Nabokov’s passion for translation shines in Nikolai Gogol (The Anagram). He highlights the unforgivable slips that creep into many translations and bravely reworks his favorite passages so they resonate in English and other languages. The book explores languages in action—what they truly convey—and is filled with anecdotes that feel ripped from a novel about a writer who seems to live inside his own creations. The character of Maria Gogol appears not just as a mother but as a presence who insists every novel she encounters is the author’s child and, somehow, always a masterpiece. She even jokes that she invented locomotives and steamships.

enthusiastic mother

Maria Gogol is depicted as exuberant to a fault, so aligned with her son that she imagines the same kind of hell she imagines creating.
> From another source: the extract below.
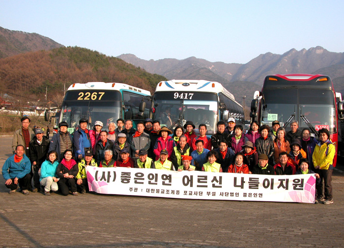 - [좋은인연] 사)좋은인연은 ‘어르신 나들이 지원 행사’로 계룡산 문화행사에 참석하였다. 어르신들은 불기2556년 4월 7일 국태민안을 기원하는 화합과 나눔의 문화행사에 참석하기 위해 아침 7시 조계사에서 버스를 타고 계룡산 동학사 제2주차장에 내려 행사에 동참하였다. 오전 10시부터 식전 행사로 ‘자비의 쌀 나누기 행사’와 조계사 길상풍물패의 풀물놀이, 난타공연 등의 문화행사를 즐길 수 있었다. 점심공양을 마친 어르신들은 삼사순례팀에 합류하여 동학사, 신원사, 갑사를 차례로 순례하고 17시 30분에 돌아오는 버스에 탑승했다. 사)좋은인연에서는 2011년도에 이어 2012년에도 ‘어르신 나들이 지원행사’를 계속할 계획으로, 오늘은 그 첫 나들이로 계룡산 문화행사에 참석한 것이다.

She embodies a vivid, almost mythical type of mother who shares a kinship with her writer-father. Turners, the painter who believed in his son and saved every canvas, faced a similar sense of artistic dependence and loss when he passed away, leaving behind a complex legacy. On the other end of the spectrum is the mother of John Kennedy Toole, who treated her son as a toy, and the mother of Charlotte Perkins Gilman, whose affection seemed to vanish when she believed she was not being watched.

Pioneering feminist Charlotte Perkins Gilman, born in 1860, played a crucial role in the early struggles for women’s civil rights and helped shape an imaginative future in fiction. She is linked to visions that differ from the usual Gothic thrive, contributing to a fiction that moves toward possibilities rather than mere dread. Gilman’s The Yellow Wallpaper centers on a woman isolated during postpartum depression, revealing a mind and a voice that challenge the norms of its era. The story unfolds in a confined space, its walls pressing in and the protagonist’s perception bending under pressure.

In a style reminiscent of Lovecraft’s hypnotic, intimate storytelling, the narrative becomes a portrait of confinement and a commentary on medical control. The imagined prison, a doctor’s verdict, forms a claustrophobic path through the protagonist’s psyche. The text also echoes earlier critiques of gendered illness and the limits placed on creative women, a thread that continues through contemporary discussions about mental health and artistic expression.

gripping story

Author Maggie O’Farrell, known for Hamnet and The Married Portrait, described how reading The Yellow Wallpaper at a young age left a lasting impression. The tale’s opening can feel like a gravitational pull, drawing readers into a moment where the ordinary becomes uncanny. The experience of reading Gilman’s work often carries a similar charge: a sense of being pulled forward, wondering what happens next, and whether escape is possible from the story’s ominous yellow paper.